▶ _Data section_:
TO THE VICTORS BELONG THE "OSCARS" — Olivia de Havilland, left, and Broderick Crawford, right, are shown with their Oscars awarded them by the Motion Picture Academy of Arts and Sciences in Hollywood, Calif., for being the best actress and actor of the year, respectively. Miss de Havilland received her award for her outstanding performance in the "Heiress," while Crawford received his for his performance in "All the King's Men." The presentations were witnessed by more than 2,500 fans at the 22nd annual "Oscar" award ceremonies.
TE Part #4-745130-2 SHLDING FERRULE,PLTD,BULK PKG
---
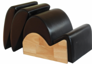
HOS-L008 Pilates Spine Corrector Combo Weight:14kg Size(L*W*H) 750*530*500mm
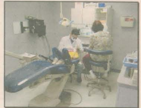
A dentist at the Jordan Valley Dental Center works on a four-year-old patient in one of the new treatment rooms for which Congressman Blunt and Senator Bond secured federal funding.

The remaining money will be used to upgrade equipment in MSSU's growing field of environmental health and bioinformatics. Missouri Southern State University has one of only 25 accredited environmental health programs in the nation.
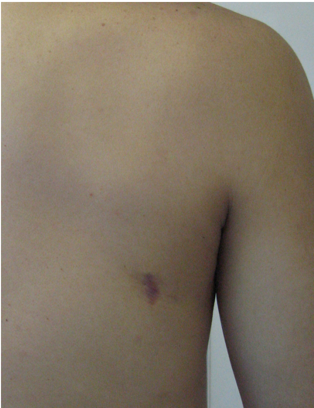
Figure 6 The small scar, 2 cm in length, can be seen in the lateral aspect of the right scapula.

▶ _Prompt_: Please, from the material above, copy only the lines from the line with "TO THE VICTORS" up to and including the line with "TE Part #4-745130-2", exactly as written.

▶ _Answer space_:
TO THE VICTORS BELONG THE "OSCARS" — Olivia de Havilland, left, and Broderick Crawford, right, are shown with their Oscars awarded them by the Motion Picture Academy of Arts and Sciences in Hollywood, Calif., for being the best actress and actor of the year, respectively. Miss de Havilland received her award for her outstanding performance in the "Heiress," while Crawford received his for his performance in "All the King's Men." The presentations were witnessed by more than 2,500 fans at the 22nd annual "Oscar" award ceremonies.
TE Part #4-745130-2 SHLDING FERRULE,PLTD,BULK PKG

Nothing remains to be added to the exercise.